The title Colpo gobbo all'italiana combines the names of two other works: Colpo gobbo is an Italian title for the Mickey Spillane's novel The Big Kill (1951) while "all'italiana" borrows from the popular film Divorce Italian Style (1961).

Mario Carotenuto was a prolific actor in comedy films of the period in Italy, who previously had appeared in Fulci's earlier films Ragazzi del Juke-Box (1959) and Urlatori alla sbarra (1960).

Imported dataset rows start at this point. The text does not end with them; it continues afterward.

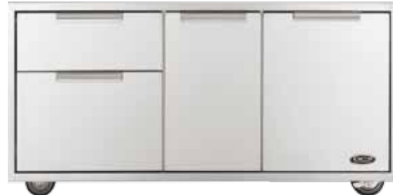
CAD-48, Available for 48" Grills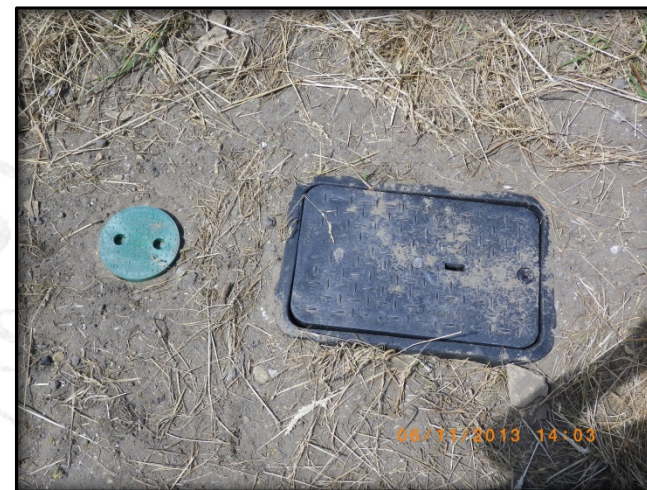
Another picture up close of the new service we installed.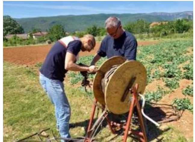
Local volunteers learn to work with drip irrigation

Even with irrigation, the heat and drought caused stress. They were able to keep the plants growing, but production was greatly reduced.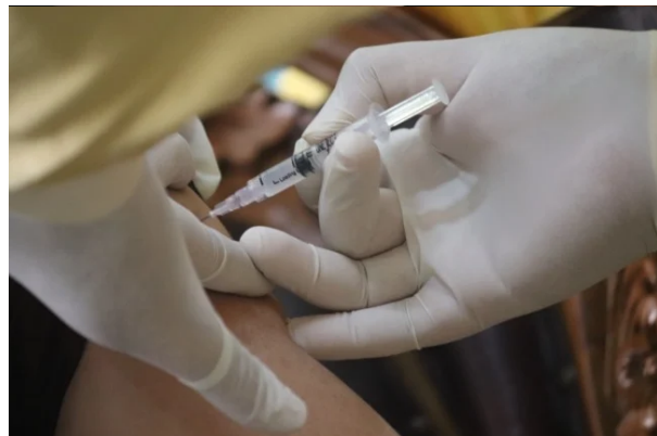
To mandate or not to mandate, that is the question being raised in Switzerland about Covid vaccines.

The issue of a vaccine mandate in Switzerland is not new and is becoming particularly relevant as the epidemiological situation in the country is deteriorating. Could the government decide to take this drastic step after all, and under what circumstances?

Carotenuto, who had written the story and also served as producer, clashed with Fulci over changes to the script; after filming wrapped, Fulci ended his friendship with him, and the two never worked together again.

Thrower said that the film could be describe as Fulci's contribution to the "oft-reviled" pink neorealism genre of Italian cinema.

==Release and reception==
Colpo gobbo all'italiana was distributed in Italy by Mirafilm released to theatres in Turin and Bari May 11, followed by a release in Rome on June 9, 1962. It grossed a total of 116.630 million Italian lire in Italy. The film stayed in theaters through mid-1962 and was still playing in Rome through September. While Dizionario del cinema italiano said the box office in Italy was lower than earlier films like I ladri (1959), a film Fulci described as a financial flop.

It had a 100-minute runtime on its theatrical release in Italy and a 90-minute runtime in Spain when it played in Barcelona and Seville as La rubia tuvo la culpa in 1965.